Not everything Yar’Adua did was good. His most grievous sin was to fire Nuhu Ribadu, the pathbreaking head of the country’s Economic and Financial Crimes Commission that successfully prosecuted many of Nigeria’s most egregiously corrupt governors. In spite of that, though, and his habit of associating with some of the most corrupt governors and “fixers” in the country, he achieved two highly significant things. The first was that he managed what his predecessor had tried and failed to achieve: come to terms with the armed militants who were bent on destroying the foreign-owned oil industry and the Niger Delta oil and gas that underwrites the economy. It is perhaps too early to judge whether his peace plan will hold up over the long term—some of the rebels have broken the truce—but it looks like a significant step forward.

The second was on the economic front. His appointments both to the finance ministry and the central bank were astute, even if the subsequent policies could have been better handled. The banks often remain poorly managed. Nevertheless, the result has helped Nigeria bounce back fast from the impact of the West’s great recession. Growth fell from over 8% a year to 5.6% last year, but an IMF report last month projected that it will be 7% this year and next. This is not just because of oil. The growth rate of the agricultural sector, the second fastest in Africa, has continued the trajectory begun under Obasanjo. If a second world commodity boom gets underway, then Nigerian agriculture is well positioned to take advantage of it.

Nigeria will miss Yar’Adua most of all, though, because of what made up the inner man. He was a Muslim through and through, and one who had thought deeply about what his beliefs meant. I found this out when I was the only foreign journalist to have a long interview with him during his presidential campaign.

“All religions get corrupted”, he told me. “But we should never forget that religion is about love, kindness and tolerance of the other peoples of the book. Honesty, fairness, justice, truth, forthrightness, love and peace are the elements of Islam.”

Politicians, civic and church leaders in the largely Christian south of the country have campaigned hard against moves by northern Islamic states to introduce Sharia law, believing it undermines the secular constitution. Yar’Adua observed that “civil law and Sharia law are not that much different. Both want to administer justice, even if there are differences in procedure and subject matter e.g. the Islamic prohibition of alcohol. Regrettably, much of Sharia law has been politicised, but the two systems should be able to live comfortably side by side.”

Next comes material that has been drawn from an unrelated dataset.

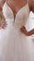 Bring your fairytale wedding to life in this dreamy A-line bridal gown. Crafted from layers of luxe tulle, this gown features sparkling glitter lace appliqués and a plunging V-neckline. The sheer lace back gently extends to the mid-back, adding a romantic and elegant finish....- $325.00

I asked him about the practice of stiff punishment for adultery. “A court needs four witnesses to prove it and it unlikely a court can find that number. So the only way to convict them is if the couple confess and even then the court has to prove the couple are mentally sound.”

Then I asked about the famous case in his state of a young woman who was raped but accused of adultery. “I knew the system would find her not guilty. I knew they couldn’t prove adultery. Some of the lower courts are not knowlgeable and just because the case became politicised they passed a judgement against her. But the appeal court that acquitted her knew what they were doing.”

At the time I met with him he appeared alert and cognizant of the issues, not just regarding the Delta crisis but on the continuing energy problem, on land, electoral and education reform, the development of water transport to take the burden away from the bad road system in the Delta and, above all, a lessening of the dependence on oil and the need to give much more emphasis to productive activity and taxes. Yet his illness, or lack of will, hampered the implementation. It became just talk.

Perhaps his wisest decision was to ask Goodluck Jonathan, the governor of one of the troubled Delta states, to be his running mate. A rare financially clean governor (as was Yar’Adua), he is an idealist. He is also a friend of Ribadu, and there is talk of Jonathan proposing the former Economic and Financial Crimes Commissioner as his vice president in next year’s election.

Jonathan has inherited a viable if still theoretical program of action from Yar’Adua. A healthy man in his prime, there is no reason why he shouldn’t succeed with it.